One of the difficulties about the amendment is that it is raised in a context unlike that in Sweden, Germany, France or other countries which have criminal and civil sanctions and remedies. In those countries they guarantee a right to free speech and privacy. There is a proper constitutional framework in which courts can decide on the balance between the right to free speech and freedom of the press and the right to personal privacy.

That has not yet happened in this country, even though noble Lords have several times sought to secure that position by passing Bills to incorporate the European Convention on Human Rights into our law. The European Convention on Human Rights guarantees both freedom of expression and a personal right of privacy.

If one considers the specific proposal, one central problem about the amendment is that there is no positive statutory right to free speech and therefore it seeks to introduce criminal sanctions and penalties in an area where magistrates, juries and judges would be unguided on the need to respect freedom of expression except in the language of the defences in subsection (2). The magistrates or a jury would have to decide whether an offence has been committed by a journalist on the basis not of paragraph 2 of Article 10 of the European Convention—that is, whether a finding of guilt or a punishment were necessary in a democratic society for protecting the right to personal privacy—but of whether the act was done for the purpose of preventing, detecting or exposing the commission of a crime or other seriously anti-social conduct.

That was a test which, Sir David Calcutt accepted in paragraph 7.21 of his report, might be considered too difficult a concept for criminal legislation". Incidentally, unlike the noble and learned Lord, Lord Ackner, Sir David Calcutt recommended that the offence should be summary only in nature, with a maximum financial penalty of the level 5 fine, whereas the amendment proposes an indictable offence. The magistrates or jury would have to decide also whether the act was done, for the purpose of informing the public about matters directly affecting the discharge of any public function of the individual concerned". That is rubbery and elusive language which would have a chilling effect, I suggest, on the function of the media as gatherers and purveyors of information to the public about the workings of Government and the activities of Ministers and public officials.

Perhaps I may give a few examples. First, perhaps I may take the easy and the gross example. A popular actor lies gravely ill in hospital, attached to a life support system. His photograph is taken by intruding press photographers. That is what happened to Gordon Kaye, who obtained an injunction against the Daily Sport for its quite monstrous invasion of his privacy. The injunction, it is true, was based on malicious falsehood and not on privacy. But I would expect the Law Lords to create a tort of privacy in just such a case, as was strongly indicated by the noble and learned Lord, Lord Keith of Kinkel, in the Spycatcher case. The case relating to Gordon Kaye would also be caught, and rightly so, by the amendment of the noble and learned Lord, Lord Ackner. I am also confident that the Princess of Wales has an effective civil remedy for the again gross invasion of her personal privacy when she was working out in a private gym.

Perhaps I may quickly give the more difficult examples. What about the Minister agog with schemes to make fathers more responsible for their families who is revealed to have serial mistresses? What about another Minister's foreign holiday revealed to have come courtesy of a PLO paymaster's daughter? The proposed defences in the amendment are completely uncertain in their application to cases of that kind where many would think that the public had a right to be informed. Newspaper editors and their staff would be at a loss to know whether information about matters of that kind could lawfully be published, and, rather than risk the hazards of criminal prosecutions, they would tend to err on the side of caution and freedom of speech would be the casualty.
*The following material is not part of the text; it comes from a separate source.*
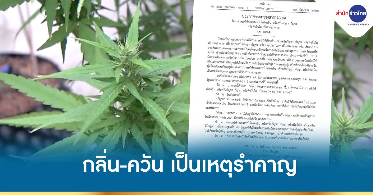 นายแพทย์สุวรรณชัย วัฒนายิ่งเจริญชัย อธิบดีกรมนามัย เปิดเผยว่า ขณะนี้ประกาศกระทรวงสาธารณสุข เรื่อง กำหนดให้การกระทำให้เกิดกลิ่น หรือควันกัญชา กัญชง หรือพืชอื่นใด เป็นเหตุรำคาญ พ.ศ. 2565 ซึ่งลงนามโดยรัฐมนตรีช่วยว่าการกระทรวงสาธารณสุข (ดร.สาธิต ปิตุเตชะ) ได้ประกาศในราชกิจจานุเบกษา เมื่อวันที่ 14 มิถุนายน 2565 ที่ผ่านมา โดยมีผลบังคับใช้ตั้งแต่ 15 มิถุนายน 2565 เป็นต้นไป ซึ่งเนื้อหาในประกาศกำหนดให้การกระทำให้เกิดกลิ่น หรือควันกัญชา กัญชง หรือพืชอื่นใด เป็นเหตุรำคาญ เนื่องจากการใช้กัญชา กัญชง หรือพืชอื่นใด ในทางที่ไม่เหมาะสม เช่น สันทนาการ อาจส่งผลกระทบต่อสภาวะความเป็นอยู่โดยปกติสุข หรืออาจเป็นอันตรายต่อสุขภาพ โดยควันของพืชดังกล่าว จะมีอนุภาคขนาดเล็กที่สามารถเข้าสู่ปอดได้ด้วยการหายใจเอาควันเข้าไป ทำให้มีความเสี่ยงต่อการเจ็บป่วย เช่น โรคปอด หอบหืด หลอดลมอักเสบ เพื่อควบคุมและป้องกันไม่ให้เกิดผลกระทบจนเป็นเหตุให้เสื่อม หรืออาจเป็นอันตรายต่อสุขภาพของผู้อยู่อาศัยบริเวณใกล้เคียง หรือผู้ที่ต้องประสบภัยกับเหตุนั้น สมควรกำหนดให้การกระทำให้เกิดกลิ่น หรือควันกัญชา กัญชง หรือพืชอื่นใด เป็นเหตุรำคาญ ตามกฎหมายว่าด้วยการสาธารณสุข

I suggest that the central problem is that these defences are too narrow. But if they were broadened they would be even more unforeseeable. For my part I would leave the courts to develop common law remedies on a case by case basis in what is a notoriously complex and hazardous area. Given the opportunity, I believe that the Law Lords would develop a right of privacy using cases on confidentiality and on private nuisance to go beyond narrow proprietary interests. I also agree with the noble Lord, Lord Colnbrook, that we should give the Press Complaints Commission a full opportunity to use non-legal sanctions too. However, in the last resort, I believe that the courts have a vital role to play.

Lord Renton

As I understand it, the amendment proposed by the noble and learned Lord happens to be within the Long Title of the Bill, which, as I said at Second Reading, is perhaps the longest Long Title in modern times. The provision confers, new powers on the police to take samples from or search persons"— that is irrelevant. It makes, further provision in relation to persons unlawfully or without authorisation on land". Those are wide words. I therefore do not believe that we should be afraid of the amendment merely because it seems to be beyond the scope of this part of the Bill.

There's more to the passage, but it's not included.